As decision makers ponder the possible outcomes of their decisions they often think about risk, which is the possibility of an undesirable result. In discussing this, it is convenient to consider the notion of arisk-neutral decision maker. Someone who is risk neutral is willing to play the long-run odds when making decisions, and will evaluate alternatives according to their expected values.
For example, such a decision maker would be indifferent between receiving $1 for certain and an alternative with equal chances of yielding $0 and $2, since this is the average amount that the alternative would yield if repeated many times.
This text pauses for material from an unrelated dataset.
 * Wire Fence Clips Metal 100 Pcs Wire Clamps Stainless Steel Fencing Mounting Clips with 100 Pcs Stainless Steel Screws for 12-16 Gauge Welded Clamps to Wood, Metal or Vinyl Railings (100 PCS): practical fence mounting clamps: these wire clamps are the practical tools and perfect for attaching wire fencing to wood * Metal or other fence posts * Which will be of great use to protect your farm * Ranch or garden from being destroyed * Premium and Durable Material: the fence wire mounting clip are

While an insurance company may evaluate individual policies as if it were risk-neutral, for alternatives with substantial risks, decision makers are oftenrisk averse, which means that they value alternatives at less than their expected values. To make this definition of value precise, we define the certain equivalent, (or certainty equivalent) of an alternative as the amount that the decision maker would be indifferent between (1) having that monetary amount for certain or (2) having the alternative with its uncertain outcome.
For example, a risk-averse decision maker might have a certain equivalent of $500,000 for an alternative with equal chances of yielding $0 and $2,000,000, even though the expected value for this alternative is $1,000,000. In thinking about risk aversion, it is important to remember that different decision makers have different attitudes toward risk. While this gamble with equal chances of yielding $0 and $2,000,000 may be very risky for me, a billionaire or a big company may not view these stakes as large and may have a certain equivalent close to the expected value.
Decisions where risk aversion holds can be analysed using a utility function, which encodes a decision maker’s attitude toward risk taking in mathematical form by relating the decision maker’s satisfaction with the outcome (or “utility” associated with the outcome) to the monetary value of the outcome itself. These utility functions can be indexed by their risk tolerance, which is a technical term describing the decision maker’s attitude toward risk. The greater the decision maker’s risk tolerance, the closer the certain equivalent of a gamble will be to its expected value. The risk tolerance is a mathematical quantity that describes the decision maker’s attitude towards risk; it is not the maximum amount that the decision maker can afford to lose, though generally decision makers with greater wealth will have larger risk tolerances. The decision maker needs to think about his risk tolerance only in cases where the stakes are large and he is not comfortable basing his decision on the expected monetary value.
Key distinction: certain equivalent vs. expected NPV
Example: The certain equivalent for a risky new product is the smallest sum of money for which the decision maker would be willing to sell rights to that product. The expected NPV for the product is the hypothetical average NPV from numerous independent launches of identical projects.
Why it’s important: Most projects cannot be repeated and even if they could, when the stakes are large, most decision makers value gambles at less than their expected values. Precisely how much less than their expected value depends on the decision maker’s attitude towards risk. This attitude towards risk varies from decision maker to decision maker and, even for a specific decision maker, may vary over time.